▶ _WHAT TO PRODUCE_: Only the lines from the one containing "Bei Überflutungen ist" through the end of the data are wanted, reproduced exactly and without pictures.

▶ _Saved data entries_:
>>>

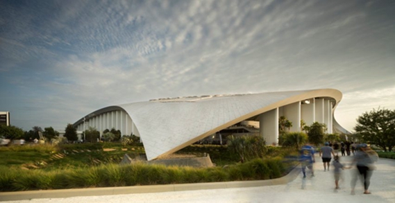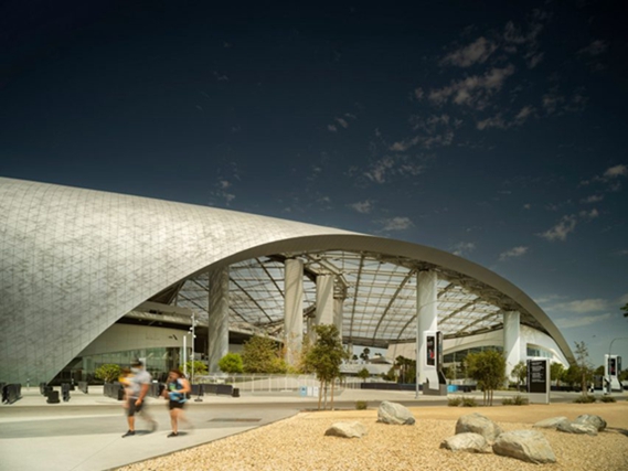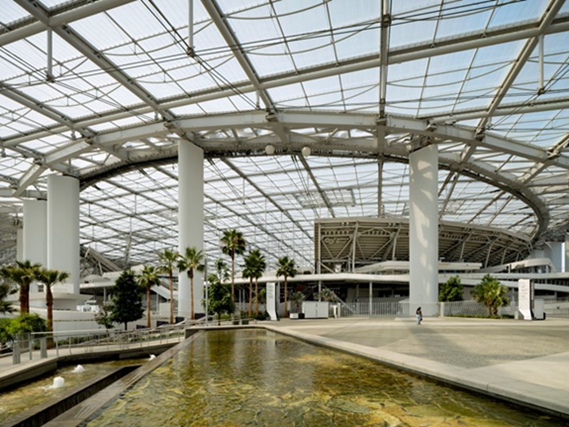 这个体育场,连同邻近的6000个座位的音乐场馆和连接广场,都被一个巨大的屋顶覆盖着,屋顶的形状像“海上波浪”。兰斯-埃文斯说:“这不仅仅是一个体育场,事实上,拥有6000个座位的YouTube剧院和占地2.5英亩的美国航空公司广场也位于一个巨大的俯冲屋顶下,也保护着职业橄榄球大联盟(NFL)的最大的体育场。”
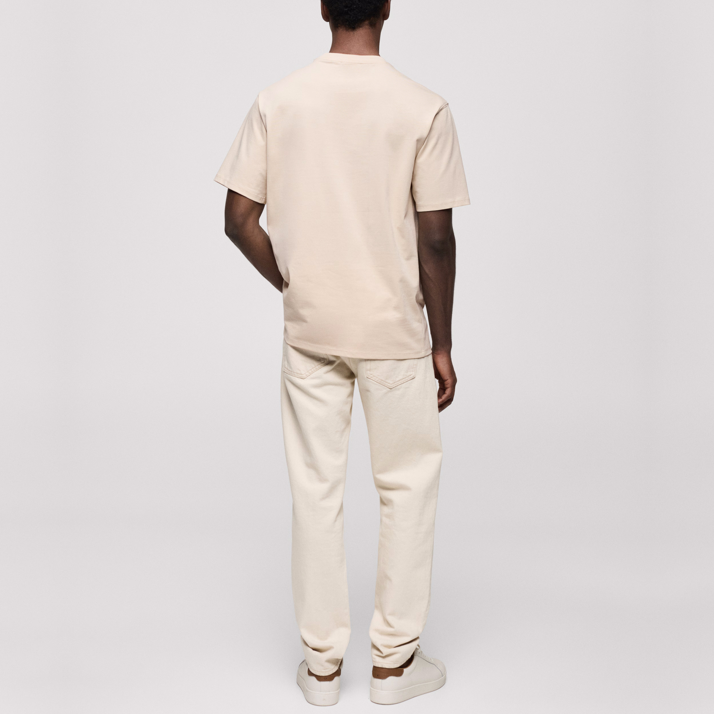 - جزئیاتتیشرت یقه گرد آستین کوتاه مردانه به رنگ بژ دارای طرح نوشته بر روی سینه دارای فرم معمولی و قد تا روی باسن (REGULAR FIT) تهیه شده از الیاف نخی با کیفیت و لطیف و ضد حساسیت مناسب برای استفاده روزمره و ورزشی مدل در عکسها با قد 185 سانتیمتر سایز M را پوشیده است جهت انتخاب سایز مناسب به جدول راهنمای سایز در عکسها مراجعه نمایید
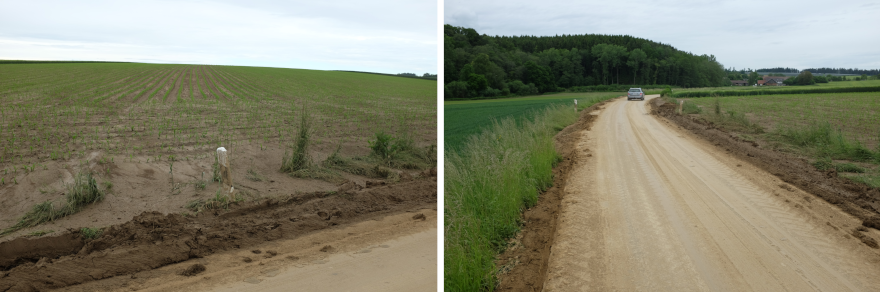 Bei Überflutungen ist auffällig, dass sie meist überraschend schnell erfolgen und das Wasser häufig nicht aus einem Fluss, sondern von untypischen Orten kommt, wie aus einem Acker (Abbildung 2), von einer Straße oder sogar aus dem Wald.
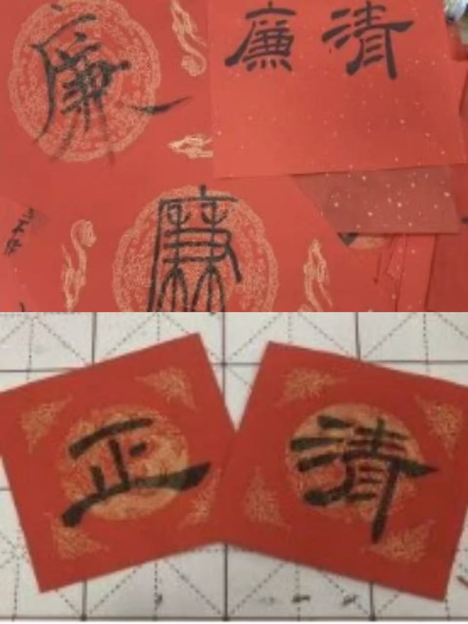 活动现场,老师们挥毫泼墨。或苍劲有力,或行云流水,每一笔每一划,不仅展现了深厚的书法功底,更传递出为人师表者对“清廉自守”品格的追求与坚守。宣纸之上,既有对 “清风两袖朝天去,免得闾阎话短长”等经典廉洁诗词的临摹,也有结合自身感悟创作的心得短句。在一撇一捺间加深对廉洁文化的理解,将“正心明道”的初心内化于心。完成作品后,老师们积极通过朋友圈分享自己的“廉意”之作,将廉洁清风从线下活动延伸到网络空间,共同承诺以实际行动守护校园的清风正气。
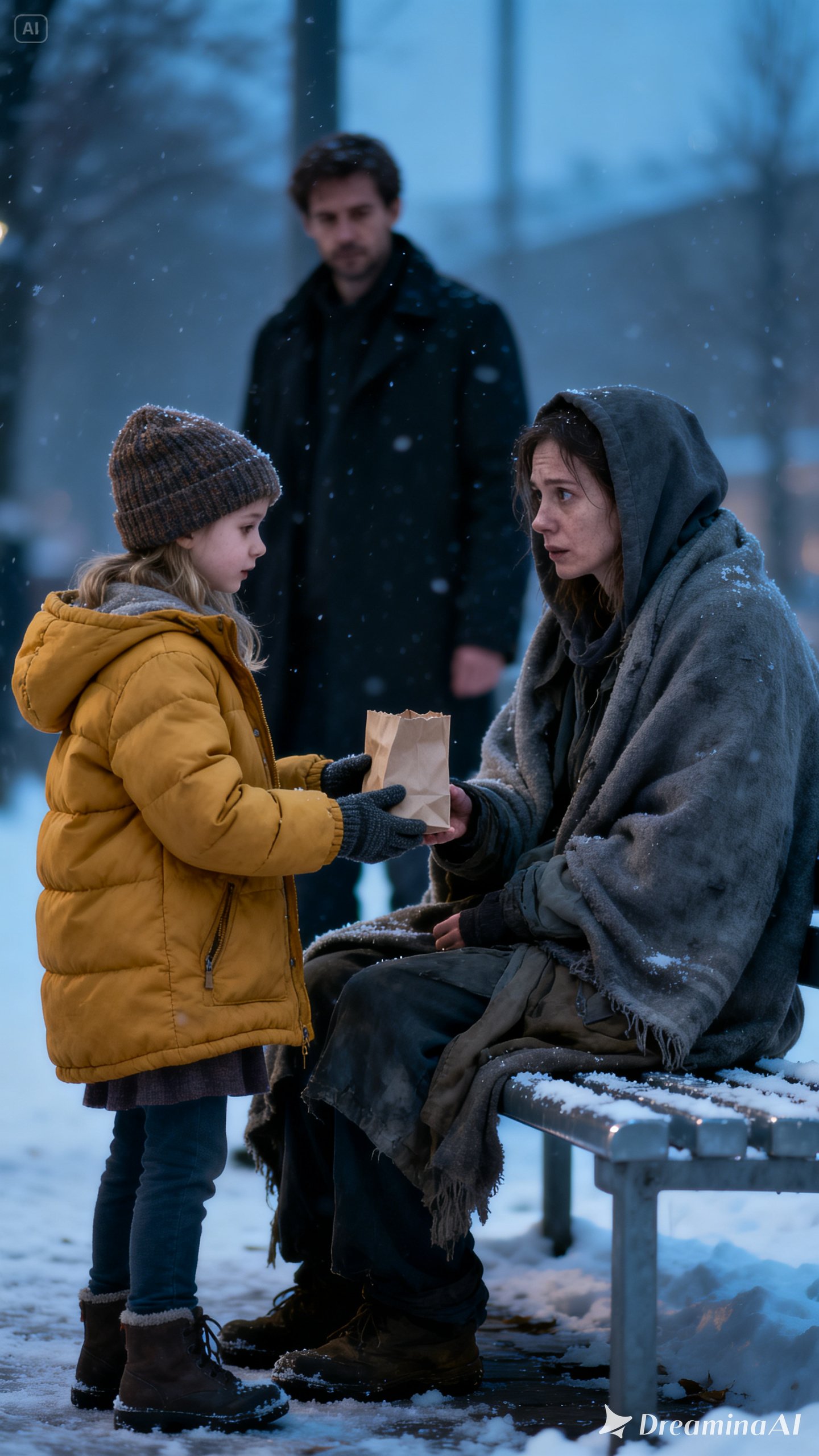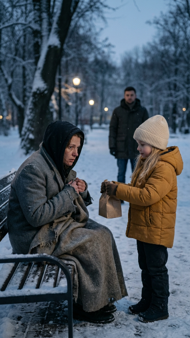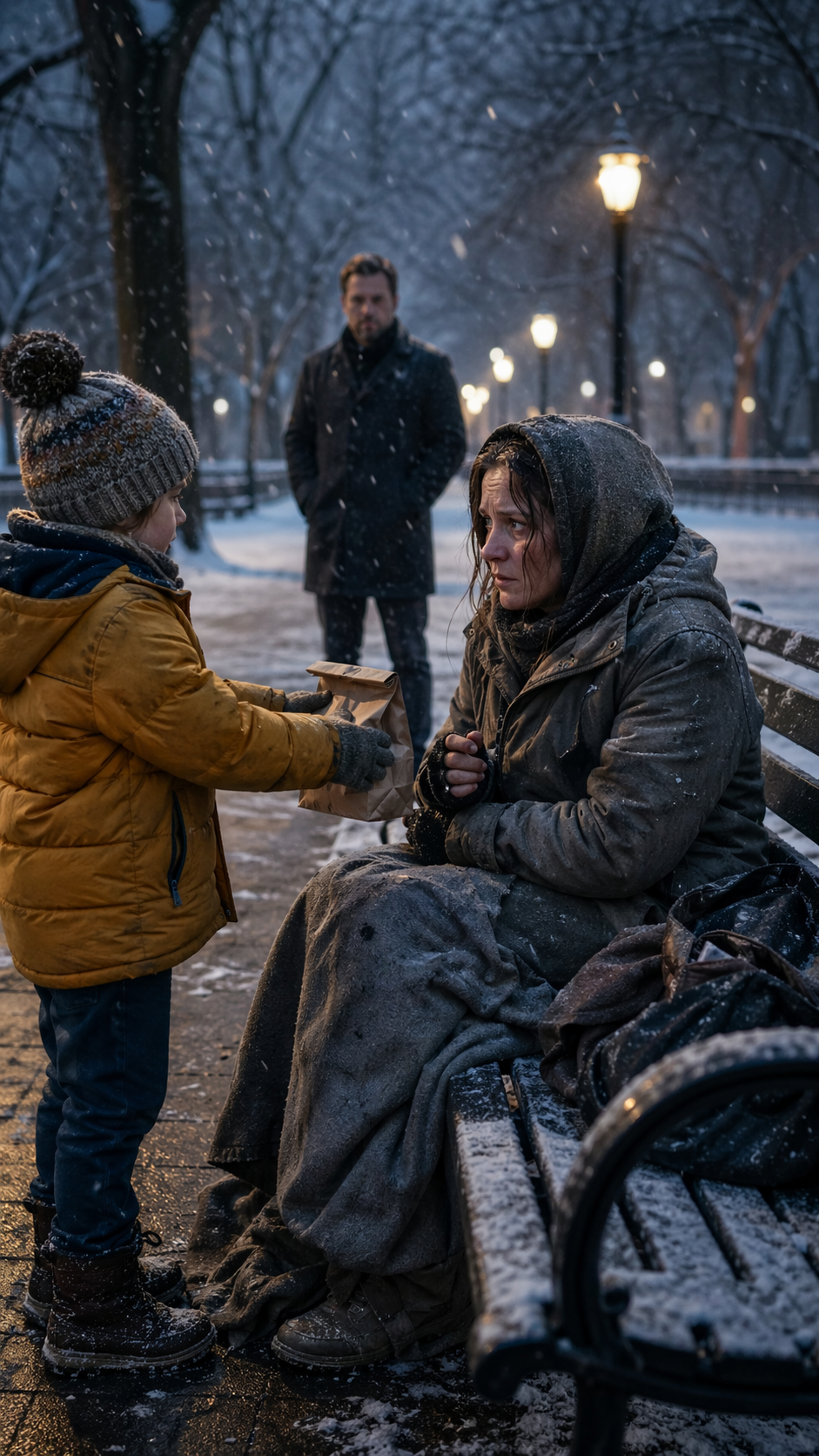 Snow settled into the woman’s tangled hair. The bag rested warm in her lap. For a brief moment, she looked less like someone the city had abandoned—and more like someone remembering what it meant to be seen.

<<<

▶ _SOLUTION FOR THIS EXERCISE_:
 Bei Überflutungen ist auffällig, dass sie meist überraschend schnell erfolgen und das Wasser häufig nicht aus einem Fluss, sondern von untypischen Orten kommt, wie aus einem Acker (Abbildung 2), von einer Straße oder sogar aus dem Wald.
 活动现场,老师们挥毫泼墨。或苍劲有力,或行云流水,每一笔每一划,不仅展现了深厚的书法功底,更传递出为人师表者对“清廉自守”品格的追求与坚守。宣纸之上,既有对 “清风两袖朝天去,免得闾阎话短长”等经典廉洁诗词的临摹,也有结合自身感悟创作的心得短句。在一撇一捺间加深对廉洁文化的理解,将“正心明道”的初心内化于心。完成作品后,老师们积极通过朋友圈分享自己的“廉意”之作,将廉洁清风从线下活动延伸到网络空间,共同承诺以实际行动守护校园的清风正气。
 Snow settled into the woman’s tangled hair. The bag rested warm in her lap. For a brief moment, she looked less like someone the city had abandoned—and more like someone remembering what it meant to be seen.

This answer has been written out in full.